TASK DETAILS: Copy out precisely the lines from the start of the data through the line with "Het AC7160 4K", and keep pictures out of it.

DATA:

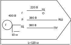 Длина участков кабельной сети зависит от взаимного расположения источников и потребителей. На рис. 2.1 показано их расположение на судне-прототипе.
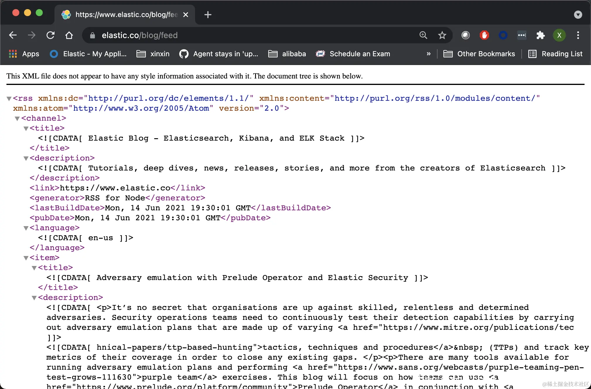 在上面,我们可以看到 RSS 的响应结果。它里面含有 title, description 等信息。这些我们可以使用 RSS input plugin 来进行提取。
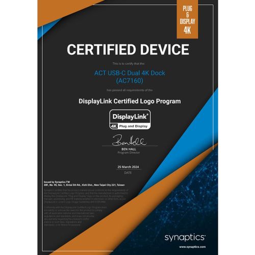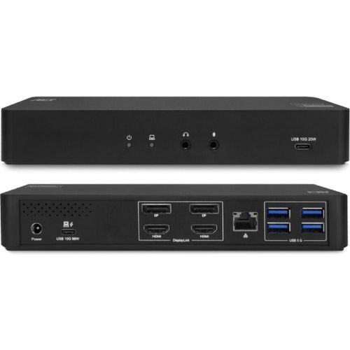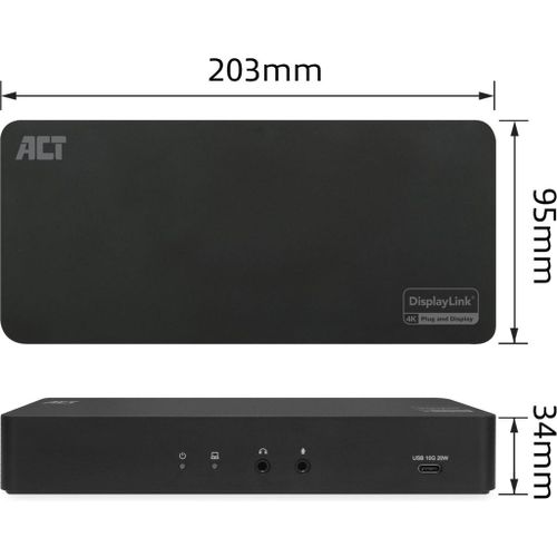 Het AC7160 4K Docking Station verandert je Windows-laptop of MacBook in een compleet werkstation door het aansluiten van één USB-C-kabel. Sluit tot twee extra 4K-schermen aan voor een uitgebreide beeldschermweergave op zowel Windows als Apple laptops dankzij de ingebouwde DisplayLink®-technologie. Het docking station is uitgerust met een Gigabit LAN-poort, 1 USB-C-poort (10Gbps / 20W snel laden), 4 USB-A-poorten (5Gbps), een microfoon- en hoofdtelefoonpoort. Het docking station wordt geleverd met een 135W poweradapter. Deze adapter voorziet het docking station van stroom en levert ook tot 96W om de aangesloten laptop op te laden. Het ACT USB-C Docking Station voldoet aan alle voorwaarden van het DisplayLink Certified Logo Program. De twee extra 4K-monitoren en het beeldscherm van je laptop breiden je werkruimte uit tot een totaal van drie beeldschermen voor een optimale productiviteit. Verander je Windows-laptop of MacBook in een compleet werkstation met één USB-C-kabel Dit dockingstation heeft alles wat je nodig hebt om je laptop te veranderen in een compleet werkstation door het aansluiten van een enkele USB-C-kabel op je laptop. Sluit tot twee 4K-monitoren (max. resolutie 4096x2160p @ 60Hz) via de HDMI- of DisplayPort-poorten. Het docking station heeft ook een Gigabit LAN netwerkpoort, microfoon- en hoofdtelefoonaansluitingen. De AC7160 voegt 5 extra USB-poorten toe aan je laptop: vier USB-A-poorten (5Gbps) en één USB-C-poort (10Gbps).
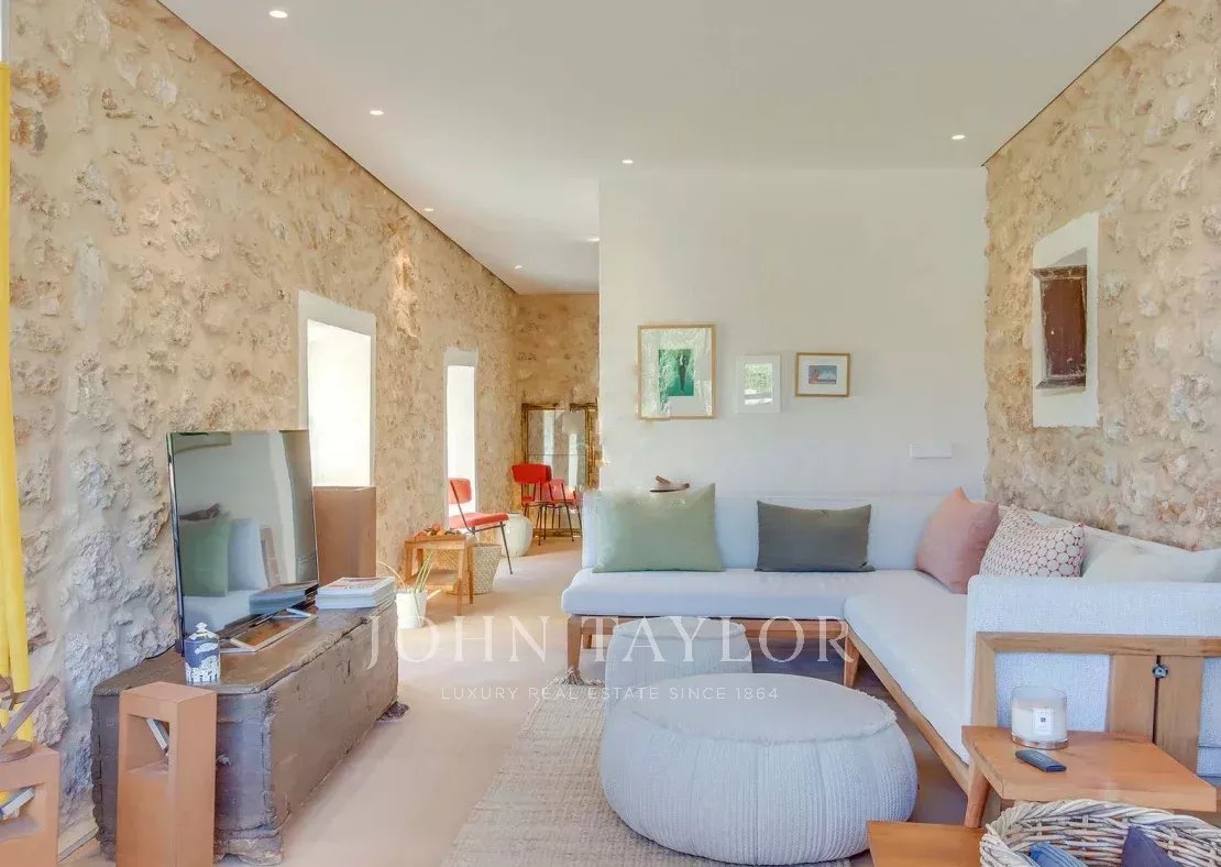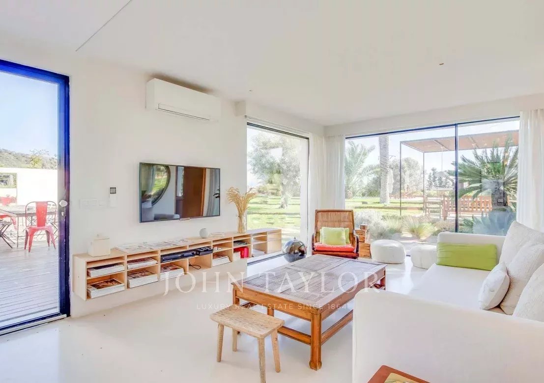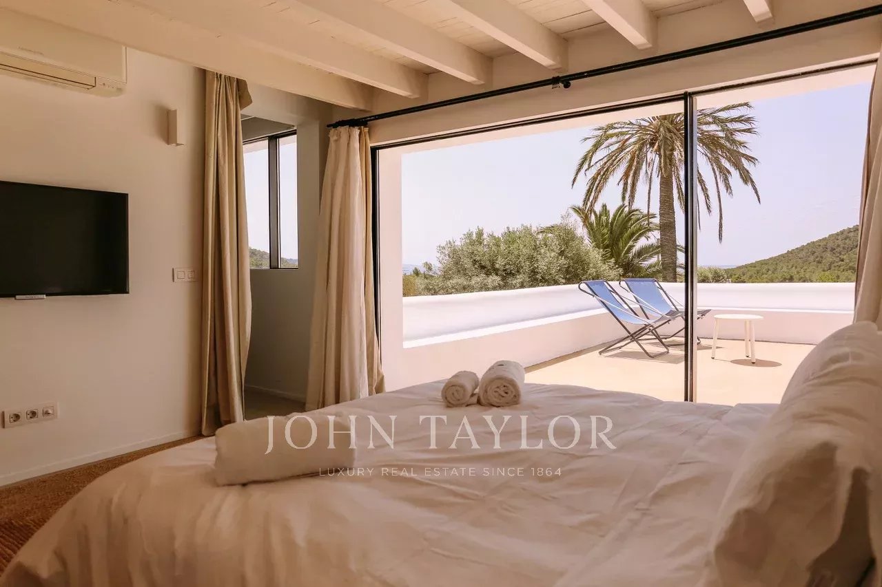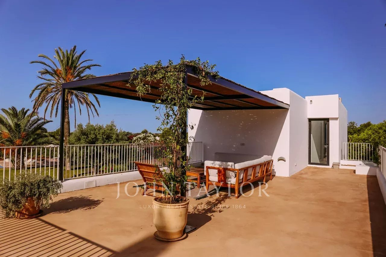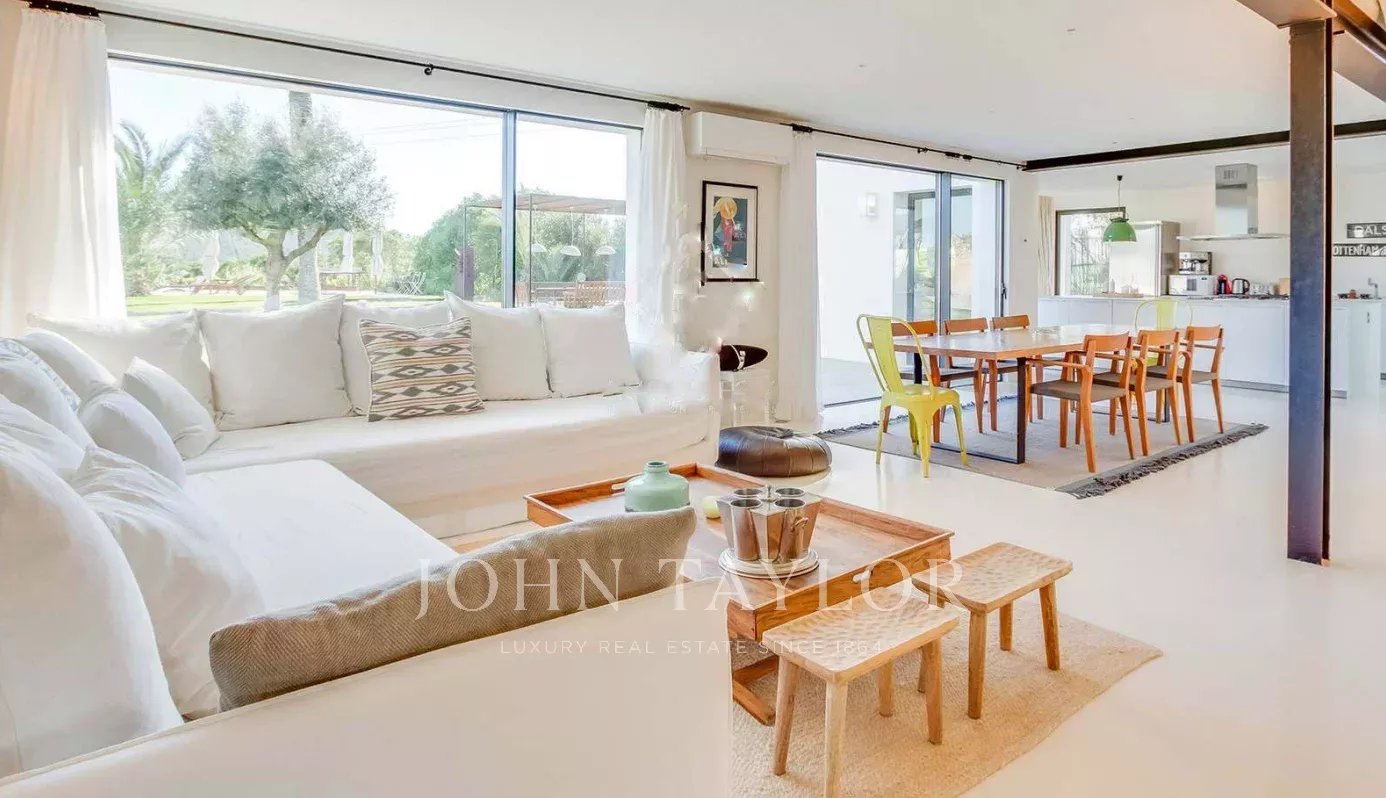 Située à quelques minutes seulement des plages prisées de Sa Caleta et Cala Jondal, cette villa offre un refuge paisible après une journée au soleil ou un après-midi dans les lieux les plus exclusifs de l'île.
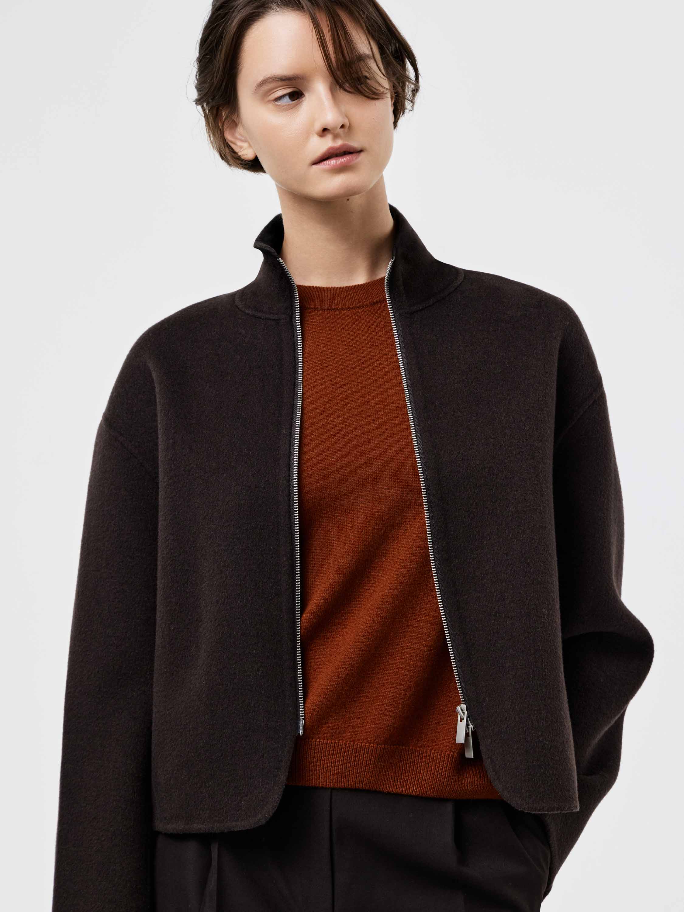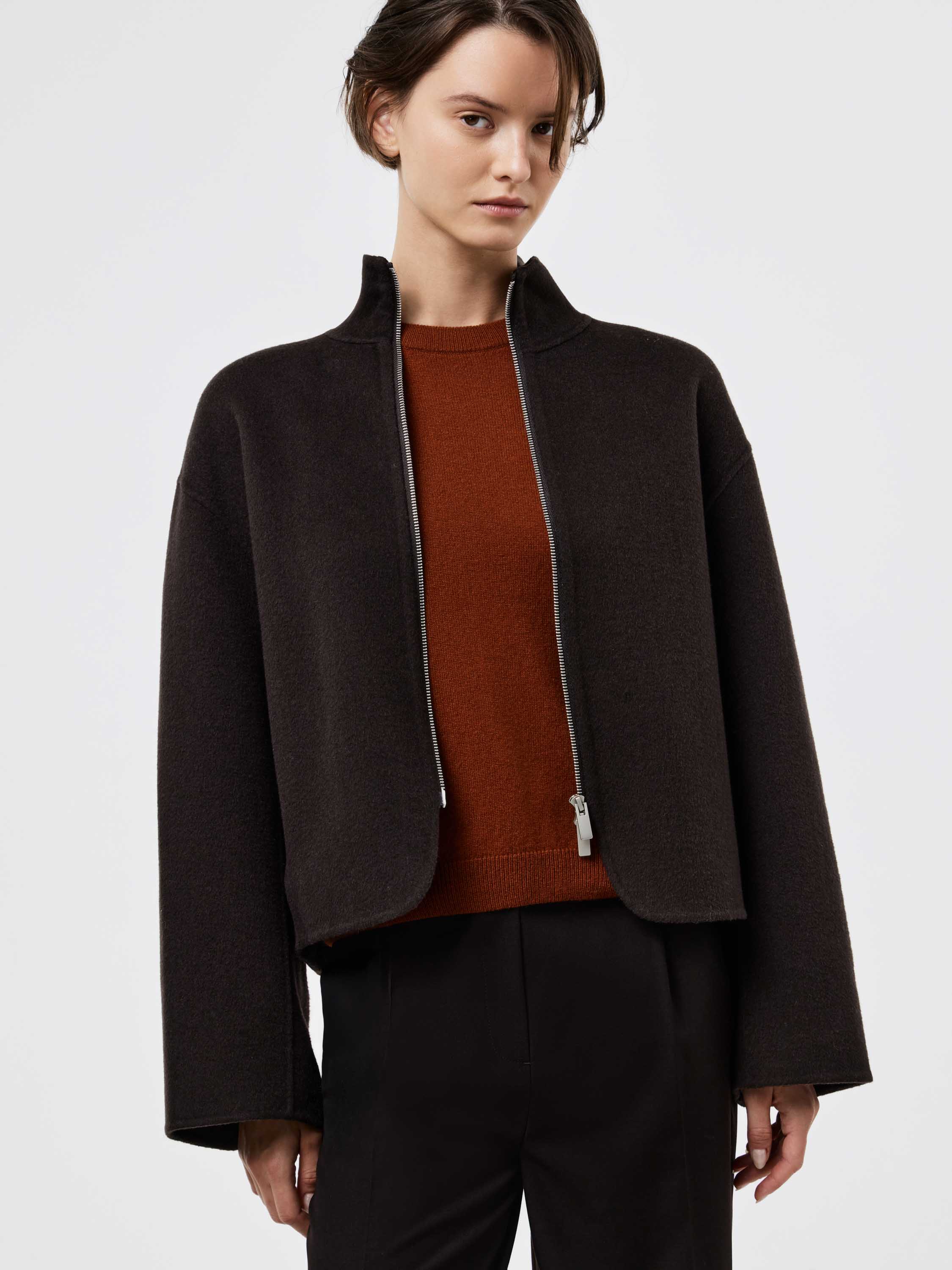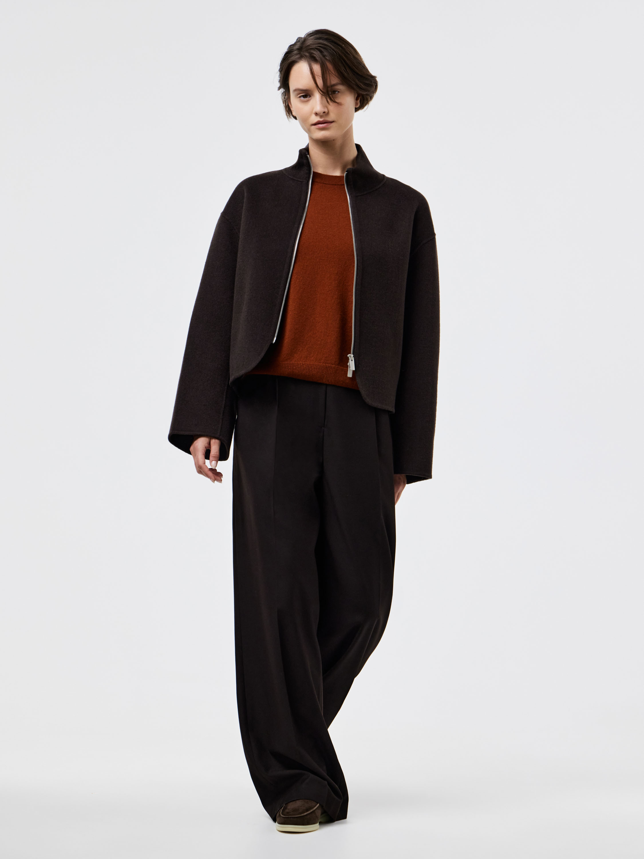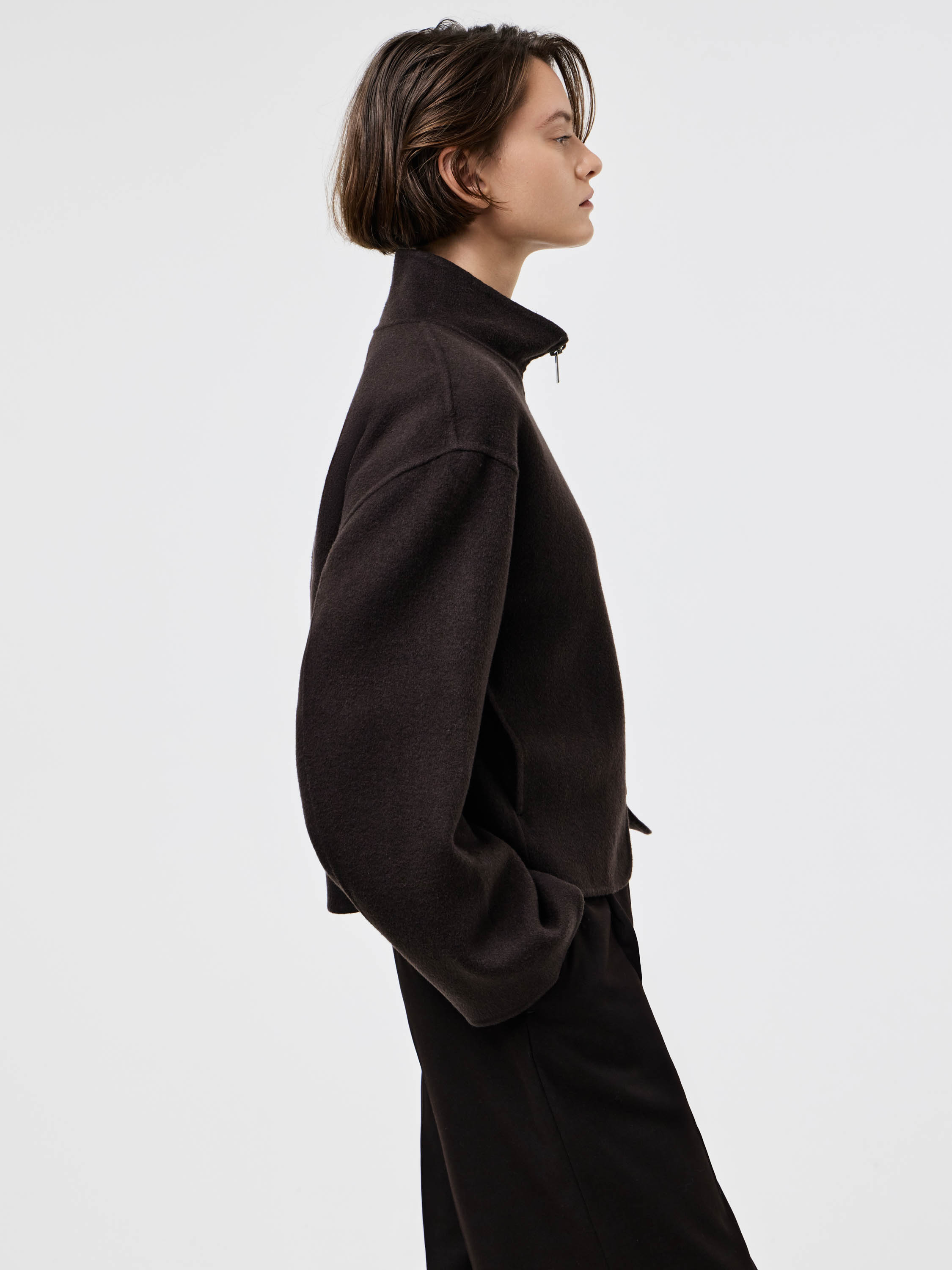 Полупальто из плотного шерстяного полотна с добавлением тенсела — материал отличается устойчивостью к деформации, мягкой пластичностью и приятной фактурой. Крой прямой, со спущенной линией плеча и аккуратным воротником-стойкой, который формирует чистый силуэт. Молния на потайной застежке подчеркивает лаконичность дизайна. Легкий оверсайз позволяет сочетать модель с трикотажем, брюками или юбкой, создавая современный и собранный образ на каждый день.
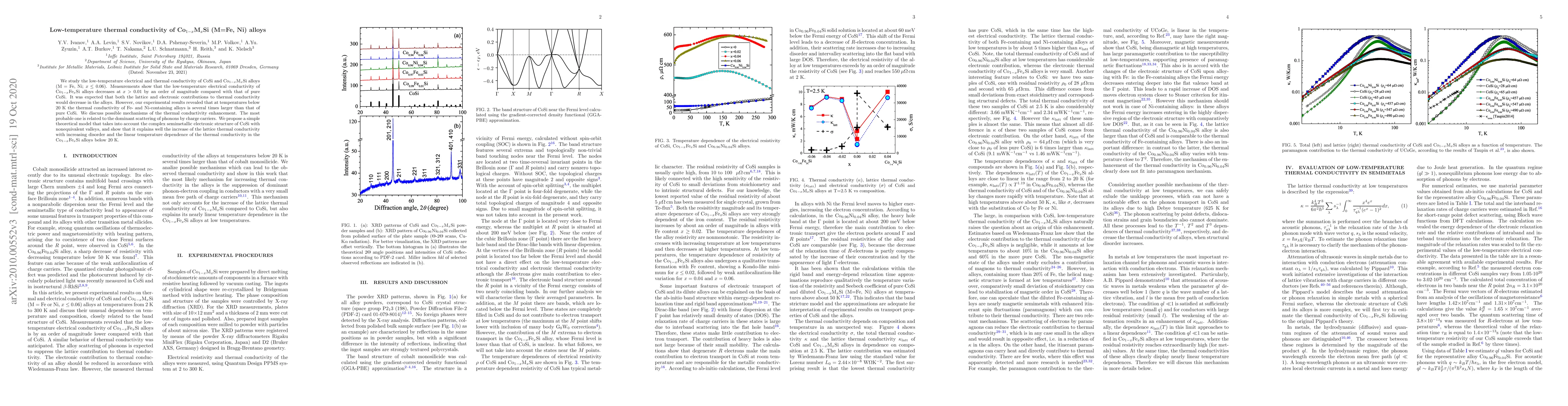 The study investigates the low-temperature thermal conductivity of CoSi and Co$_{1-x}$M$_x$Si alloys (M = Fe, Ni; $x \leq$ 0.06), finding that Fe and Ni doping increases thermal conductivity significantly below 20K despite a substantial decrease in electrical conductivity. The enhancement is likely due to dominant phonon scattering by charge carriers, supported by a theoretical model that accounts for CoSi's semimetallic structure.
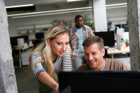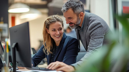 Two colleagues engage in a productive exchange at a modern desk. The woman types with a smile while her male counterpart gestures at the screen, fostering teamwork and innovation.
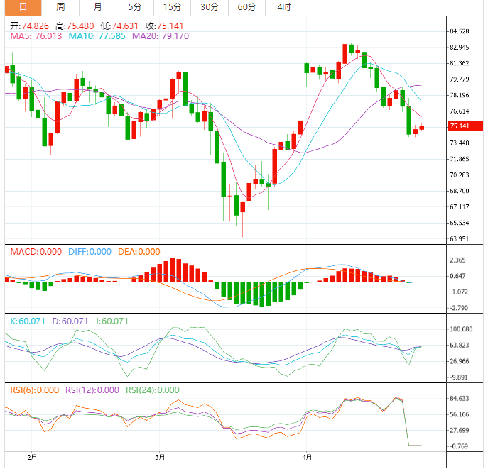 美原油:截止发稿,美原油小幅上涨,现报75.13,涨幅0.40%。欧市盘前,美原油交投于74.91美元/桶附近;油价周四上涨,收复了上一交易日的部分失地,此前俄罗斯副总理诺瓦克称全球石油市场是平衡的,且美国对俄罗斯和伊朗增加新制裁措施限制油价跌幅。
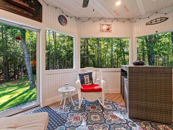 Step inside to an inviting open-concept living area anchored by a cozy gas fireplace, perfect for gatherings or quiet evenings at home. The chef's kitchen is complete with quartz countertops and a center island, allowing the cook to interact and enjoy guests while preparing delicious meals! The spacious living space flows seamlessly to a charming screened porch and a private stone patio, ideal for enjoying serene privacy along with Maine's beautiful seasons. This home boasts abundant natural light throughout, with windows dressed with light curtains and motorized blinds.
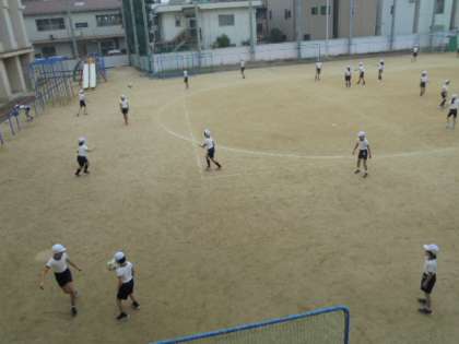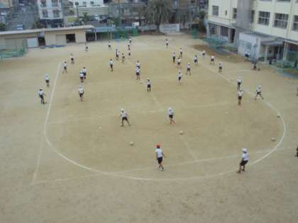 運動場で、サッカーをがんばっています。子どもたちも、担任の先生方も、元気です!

EXERCISE RESULT:
 Длина участков кабельной сети зависит от взаимного расположения источников и потребителей. На рис. 2.1 показано их расположение на судне-прототипе.
 在上面,我们可以看到 RSS 的响应结果。它里面含有 title, description 等信息。这些我们可以使用 RSS input plugin 来进行提取。
 Het AC7160 4K Docking Station verandert je Windows-laptop of MacBook in een compleet werkstation door het aansluiten van één USB-C-kabel. Sluit tot twee extra 4K-schermen aan voor een uitgebreide beeldschermweergave op zowel Windows als Apple laptops dankzij de ingebouwde DisplayLink®-technologie. Het docking station is uitgerust met een Gigabit LAN-poort, 1 USB-C-poort (10Gbps / 20W snel laden), 4 USB-A-poorten (5Gbps), een microfoon- en hoofdtelefoonpoort. Het docking station wordt geleverd met een 135W poweradapter. Deze adapter voorziet het docking station van stroom en levert ook tot 96W om de aangesloten laptop op te laden. Het ACT USB-C Docking Station voldoet aan alle voorwaarden van het DisplayLink Certified Logo Program. De twee extra 4K-monitoren en het beeldscherm van je laptop breiden je werkruimte uit tot een totaal van drie beeldschermen voor een optimale productiviteit. Verander je Windows-laptop of MacBook in een compleet werkstation met één USB-C-kabel Dit dockingstation heeft alles wat je nodig hebt om je laptop te veranderen in een compleet werkstation door het aansluiten van een enkele USB-C-kabel op je laptop. Sluit tot twee 4K-monitoren (max. resolutie 4096x2160p @ 60Hz) via de HDMI- of DisplayPort-poorten. Het docking station heeft ook een Gigabit LAN netwerkpoort, microfoon- en hoofdtelefoonaansluitingen. De AC7160 voegt 5 extra USB-poorten toe aan je laptop: vier USB-A-poorten (5Gbps) en één USB-C-poort (10Gbps).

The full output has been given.